10 things you need to know before the opening bell

Obama basketballReuters/Jonathan ErnstU.S. President Barack Obama gets hit on the head by a rebound while playing basketball, an exercise activity during the annual Easter Egg Roll at the White House in Washington.

Before the markets open on Tuesday, here is what you need to know.

Greece is demanding war reparations of 279 billion euros from Germany. The Greek government says Germany owes 279 billion euros in war reparations as payment for Nazi-era crimes. German public broadcaster Deutsche Well notes, “Germany has rejected Athens’ demands, saying it settled the matter with a general compensation payment of 115 million deutschmarks in 1960.” Greece’s 3-year yield is sharply lower, down 165 basis points at 21.79%.

The Reserve Bank of India kept policy on hold. India’s central bank held its repo rate steady at 7.50%, as expected. In Tuesday’s statement, the Reserve Bank suggested, the “Domestic economic activity is likely to have strengthened in Q4,” and that “Inflation excluding food and fuel fell successively in the nine months till February. A large part of this disinflation has been on account of the slump in international crude oil prices feeding through into domestic prices of petrol and diesel that are included under the category transport and communication.” India’s rupee is off 0.2% at 62.32 per dollar.

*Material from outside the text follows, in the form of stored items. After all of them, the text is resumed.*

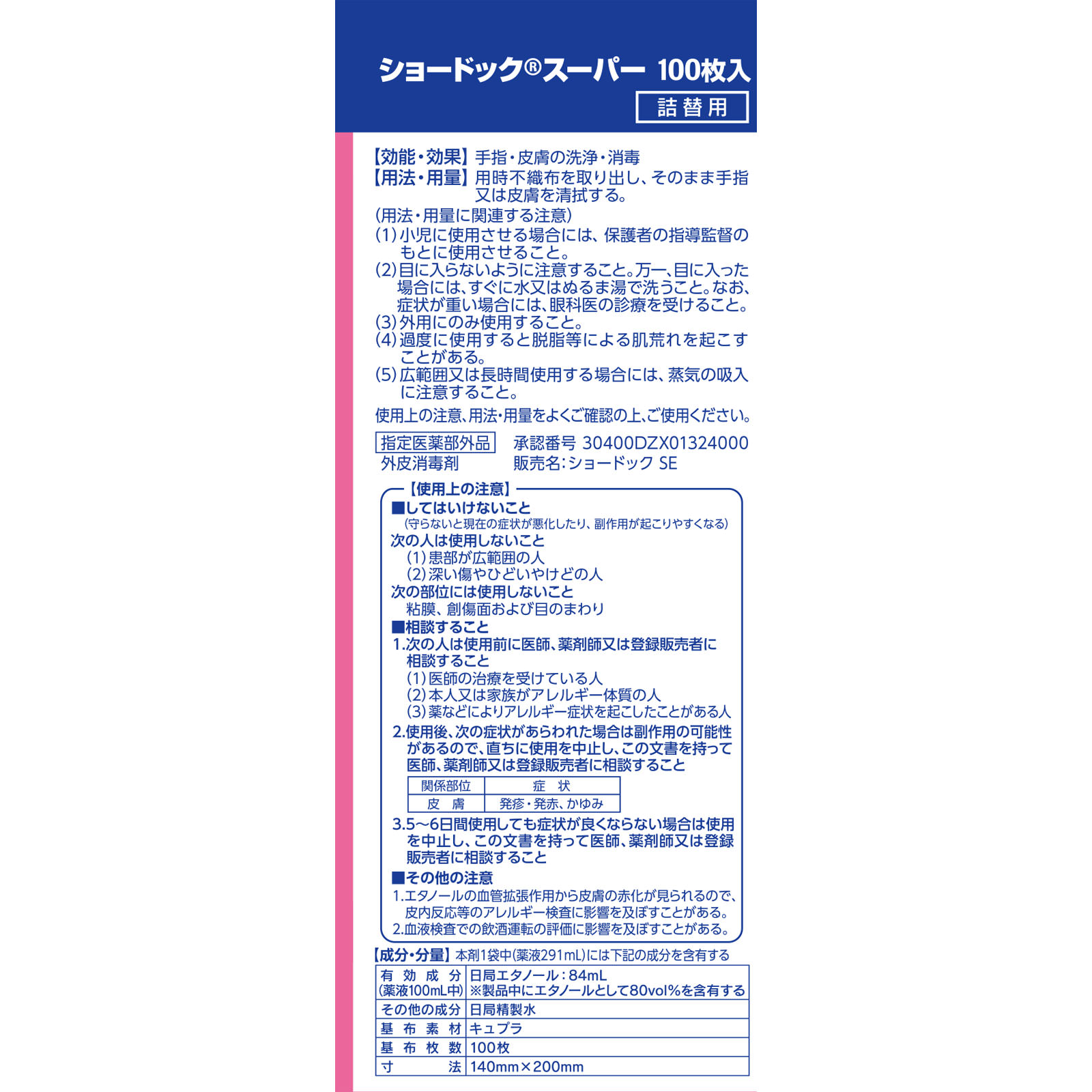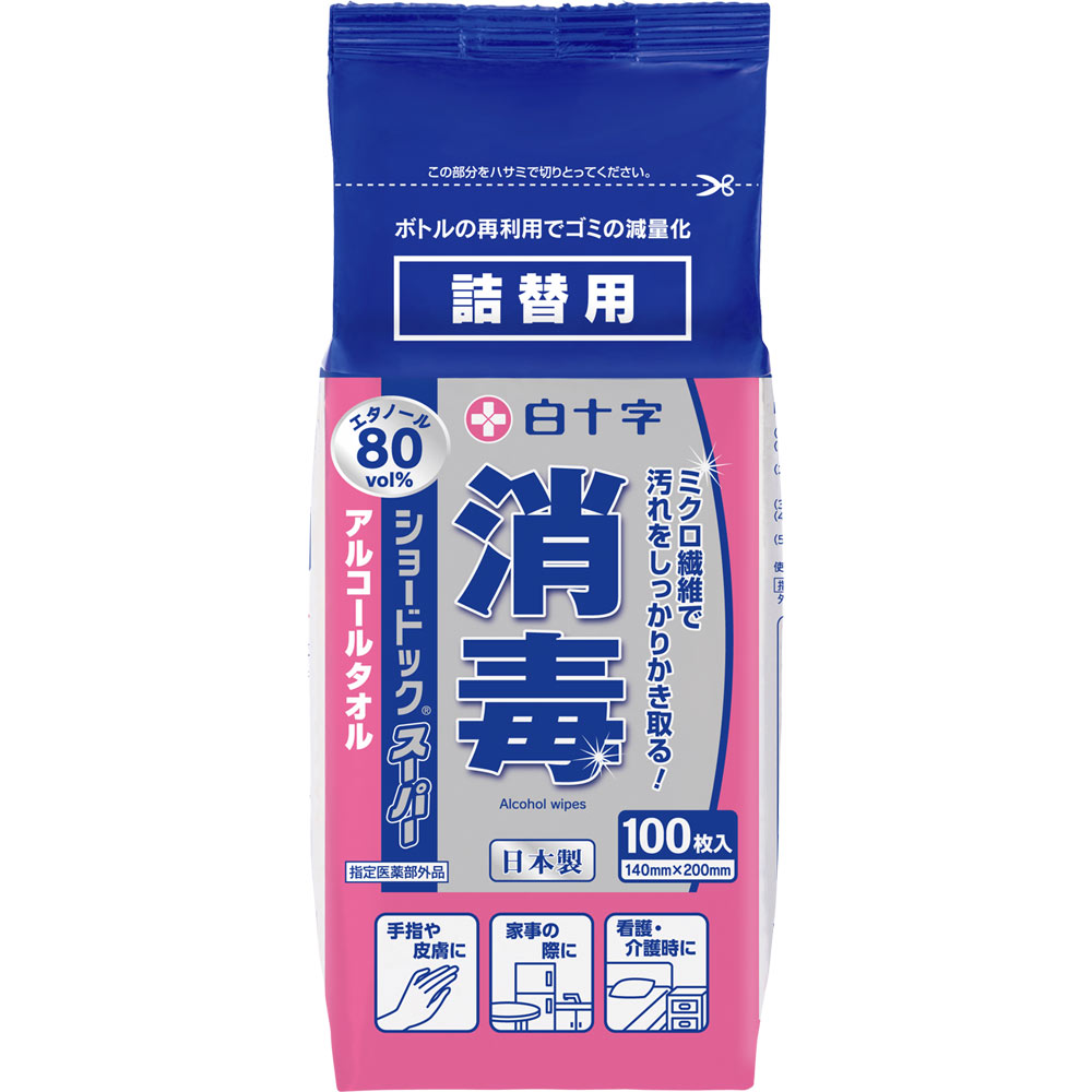 ミクロ繊維で汚れをしっかりかき取る!エタノール80vol%アルコールタオル●手指・皮膚の洗浄・消毒●汚れの拭きとりこんなときにおすすめ●家事の際に●看護・介護時にショードックの不織布には旭化成のベンリーゼを使用しています。寸法:140mm×200mm
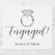 Ces étiquettes personnalisées pour vin pétillant disent Fancées ! avec une bague de fiançailles diamant blanc à bandes argentées et les noms des mariés en bas. Parfait pour une fête de fiançailles !
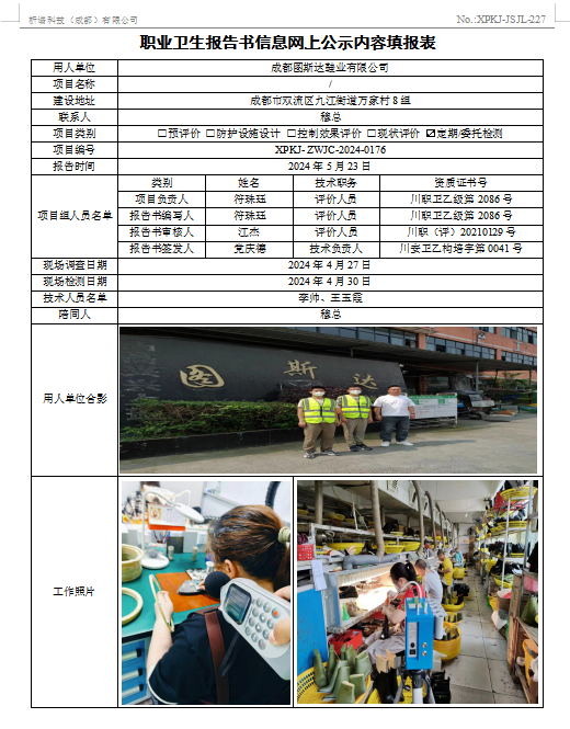 成都市贞观盛光电子科技有限公司职业病危害因素定期检测
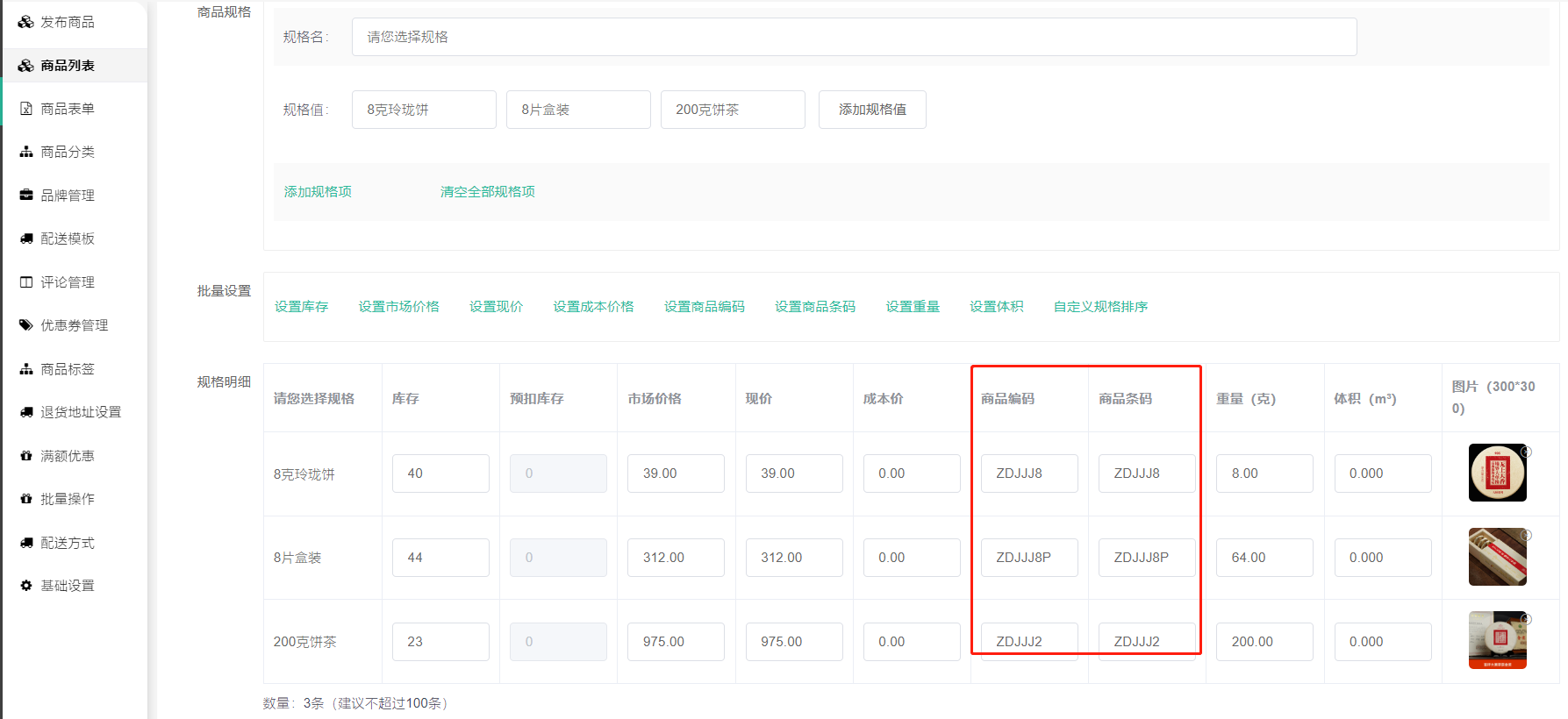 同一个商品同规格内的编码、条码可以填写一样,但不同商品、不同规格之间编码、条码则需要填不一样的,这是推送到第三方那边显示出来的编号,用来区分商品的。编码条码可以随意自行生成填写,也可以根据商品实际的编码填写。

The Reserve Bank of Australia held its benchmark interest rate steady. The RBA kept its key rate unchanged at a record low 2.25%. In Tuesday’s statement, the central bank noted, “Commodity prices have declined over the past year, in some cases sharply.” It continued, “Available information suggests that growth is continuing at a below-trend pace,” and that further Australian dollar depreciation “seems likely, particularly given the significant declines in key commodity prices.” Australia’s dollar is up 1.2% at .7685, aided by a strong retail sales figure.

Spain’s bill auction drew a negative yield for the first time ever. The country sold 725 million euros worth of 6-month bills at a yield of -0.002%. Spain’s 10-year yield is lower by 4 basis points at 1.17%, and nearing all-time lows.

Eurozone PMI data mostly topped estimates. Eurozone Final Services PMI printed 54.2, a whisker shy of the 54.3 that was expected. However, Spain (57.3) posted its strongest reading since January 2007 while Italy (51.6) and Germany (55.4) also topped estimates. Only France (52.4) disappointed. The euro is down 0.6% at 1.0860.

FedEx will buy TNT Express for 4.4 billion euros ($US4.8 billion). A joint statement said, the companies “reached conditional agreement on recommended all-cash public offer of 8.00 (euros) per ordinary TNT Express share.”

Samsung warned on first quarter profits. The electronics giant expects operating profits to fall to 5.9 trillion won ($US5.4 billion) in the first quarter, a 30.5% year-over-year decline. The downbeat forecast comes as Samsung finds increased competition from Apple and Chinese rivals.

Viacom announced a restructuring plan. The company announced a $US785 million charge as part of a “strategic realignment.” Exact details remain scarce, but Viacom will eliminate jobs and suspend its $US20 billion share repurchase program.

Markets around the world are open following the extended Easter holiday. China’s Shanghai Composite (+2.5%) led Asian markets higher as trade surged to a fresh 7-year high. In Europe, Britain’s FTSE (+1.4%) is out in front.

US economic data is light. The Job Openings and Labour Turnover Survery, or JOLTS report, is due out at 10 a.m. ET. Treasury will auction $US24 billion 3-year notes at 1 p.m. ET. The US 10-year yield is higher by 1 basis point at 1.90%.